A million dollar mobile life

The highest selling price on record of a mobile home in Malibu, pictured above, sold in September for $1.6 million. Photo courtesy of Beverly Taki

A mobile home priced for sale at $2.2 million highlights the desire

for the “Malibu lifestyle of living.”

By Bridget Graham Gungoren / Special to The Malibu Times

It’s a residence for sale with a million dollar ocean view, located within a gated community. This could describe many homes in Malibu, but this residence is a mobile, or modular, home in Point Dume Club, and is tipping the scales with a selling price of $2.2 million.

Recently, former Malibu resident Dr. James Rota put his mobile home on the market, after extensive remodeling, for the more than $2 million asking price. The highest selling price on record of a mobile home in Malibu sold in September for $1.6 million.

“Mobile homes are a hit thing now because people want the Malibu style of living, and for Malibu, mobile homes offer that economically,” said Malibu Realtor Beverly Taki, who, with Realtor Lee LaPlante, handled the sale of the $1.6 million mobile home.

Clay Dickens, vice president of Community West Bank, who finances lending for mobile home purchases, agrees. “Mobile homes are a trend that is still going up,” he said. “It’s a $10 million dollar view for those who can’t afford a $10 million dollar home; it’s the last bastion of affordable housing.”

Much like all of the Malibu home prices that have risen dramatically over the last several years, so too have mobile home prices. Ten years ago, Taki sold a mobile home for $62,000. In April 2001, down the road from the $1.6 million dollar sale, another modular home sold for $160,000.

“That same $62,000 home is now probably worth at least a half a million,” Taki said. “It’s hard to find one now for less than $450,000 to $600,000-and those are the ones without the ocean view.”

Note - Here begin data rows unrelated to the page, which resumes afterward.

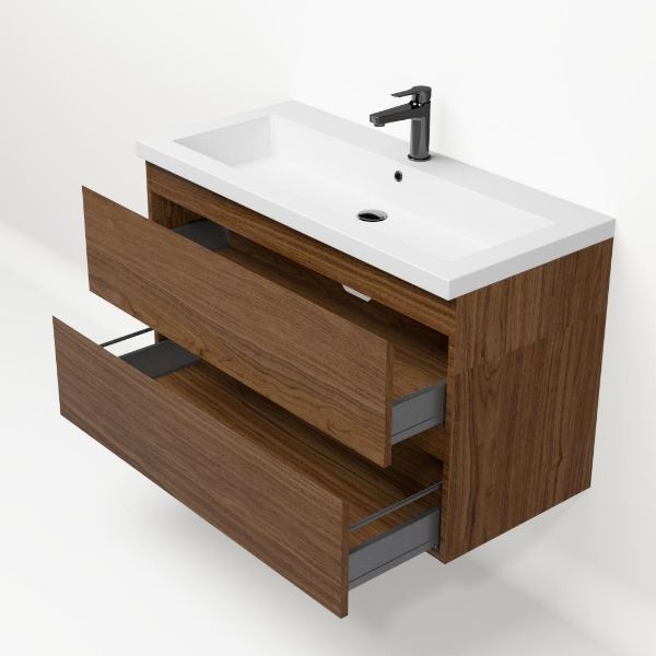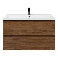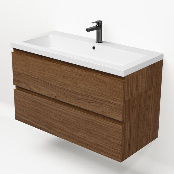 Bellanti Elena/Esta badmeubel 100x46 2 softclose laden warm noten greeploos polystone wastafel wit met 1 kraangat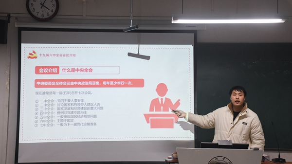 在接下來的兩周時間,宣講團成員圍繞黨的十九屆六中全會的重大意義、主要成果以及青年大學生應(yīng)該怎么看、怎么學、怎么做等內(nèi)容,對黨的十九屆六中全會精神進行了生動解讀。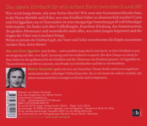 Wer verrät Jungs heute, wie man Steine ditscht? Wie man eine Kastanienschleuder baut, sein eigenes Gokart fährt und all das, was eine Kindheit früher so abenteuerlich machte? Conn und Hal Iggulden tun es! Entstanden ist ein einzigartiges Kompendium prall voll lebendiger Information. Da findet sich über Fußballregeln, Flaggencodes, das Sonnensystem, die großen Abenteurer und tausenderlei mehr alles, was jeden Jungen begeistert und die Augen der Väter zum Leuchten bringt. Wenn es jemals ein Hörbuch gab, das Jungs von Fernseher und PlayStation weglockt und Vater und Sohn verschworen die Köpfe zusammenstecken lässt, dann dieses!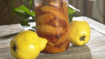 Vask kvæderne. Skær dem i kvarter med en god skarp kniv, de er meget hårde. Fjern kernerne og del kvarterne på langs, hvis de er store. Bring æbleeddike, æblemost, vand, sukker og sennep eller kardemomme i kog i sauterpande eller bredbundet gryde. Tilsæt kvæderne og kog dem sagte møre på ca. 3/4 time. Læg kvæderne i et skoldet glas. Kog evt. væden lidt ind, men ikke mere, end den kan dække kvæderne. Hæld den rødlige lage over kvæderne og luk glasset.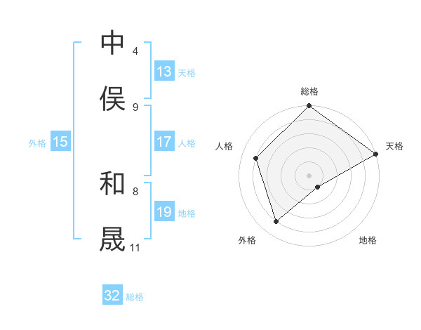 中俣 和晟さんを姓名の画数から五運を鑑定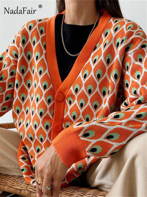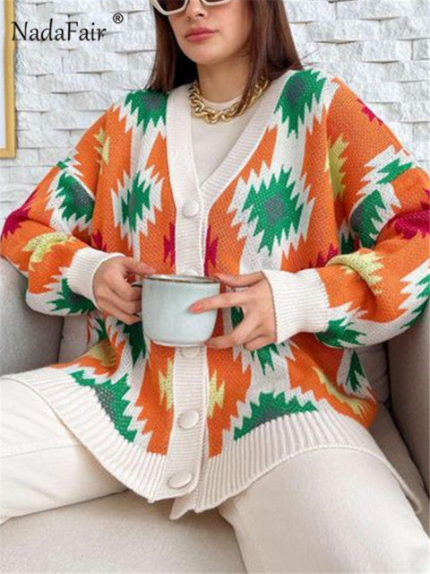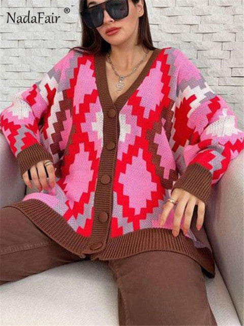 Nadafair Milti Patterned Cardigan Women Fashion Plus Size Winter Sweater Autumn Loose Casual Oversized Knitwear Cardigan Muje

The homes on the perimeter, Taki said, are in the best locations, and can sell for more than $1 million. The mobile homes in Point Dume Club boast a gated community, a shared tennis court and pool, and walking distance to the beach.

The catch? It is hard to get complete financing for the home, and therefore, most mobile homes are paid for in cash or with just a partial loan. Community West Bank appears to be the only bank to partially finance mobile home sales, financing up to 80 percent, or to a cap of $500,000.

“Cash is king,” Taki said.

Also, owners do not own the land, but pay rent for the home’s space.

“You lease from the owner of the land,” Taki said.

Depending on the location of the mobile home, the space rent could be as high as $2,800 per month.

But the upside is that there are no property taxes. (Purchaser of single-family homes in Malibu pay 1 1/4 percent of the sales price in taxes.) Other fees include DMV costs, dependent on the year of the home’s chassis (the chassis is the frame and wheels on which mobile homes sit on classifying it as a vehicle). So if even after the coach itself is removed or remodeled, the DMV fee reflects the year of the chassis, which could be as old as 1972, which lowers the DMV costs considerably.

Rota’s mobile home sits on a corner spot at the club, and has ocean and mountain views from every room. He paid $53 annually in DMV fees plus the space rent. Rent goes up every time a home is sold.

Rota decided to sell his two-bedroom, two-bath home on Ebay.

“I’ve worked with the computer and have been impressed with the pictorial ability,” Rota said. “I’ve purchased and sold with Ebay with much success.”

The 2005 California Association of Realtors 6th Annual Survey found that the Internet is becoming an integral component of buying a home-sixty-two percent of buyers first gain exposure to a potential residence via computer.

Taki told the story of selling a $1.1 million dollar home to a buyer in Australia who only saw the property via Web pictures she and LaPlante sent to the client. The two Realtors conducted all of the inspections.

Rota, a Malibu resident for 26 years, has lived in his mobile home residence on and off for about 20. He built and designed the home over a 10-year period, with an intense six-month remodeling a few years ago. The interior is full of curves and arches.

“I used circles for a softening effect so it isn’t living in a square box,” Rota said.

A retired biological dentist with a love of ergonomics, he built to inhibit his mold allergies. The floor was reinforced with marble to keep leaks from occurring.

“There is three times the thickness of the normal floor to begin with, and then with the marble, it is another layer thicker,” Rota said.

Other biologically sound upgrades include a triple-filtered water purification system, water ionization, and drainage systems to prevent puddles underneath the home, allergy free carpeting and special paints.

The mobile home can actually be labeled as a modular home. Modular homes are built in sections, and can technically be moved in sections, but are also permanently installed into the earth.

“It’s much more secure than the average home,” Rota explained. “I took a basic modular home and reinforced it and was able to secure it with concrete; it’s isn’t just nailed into the ground.”

“It’s been a joy for me,” Rota said. “I still don’t know why I’m leaving.”

Rota has retired to Paso Robles where he is writing a book and designing a new ergonomic house while ranching horse and sheep.

“The modular (or mobile) home really is Malibu’s best kept secret,” Rota said.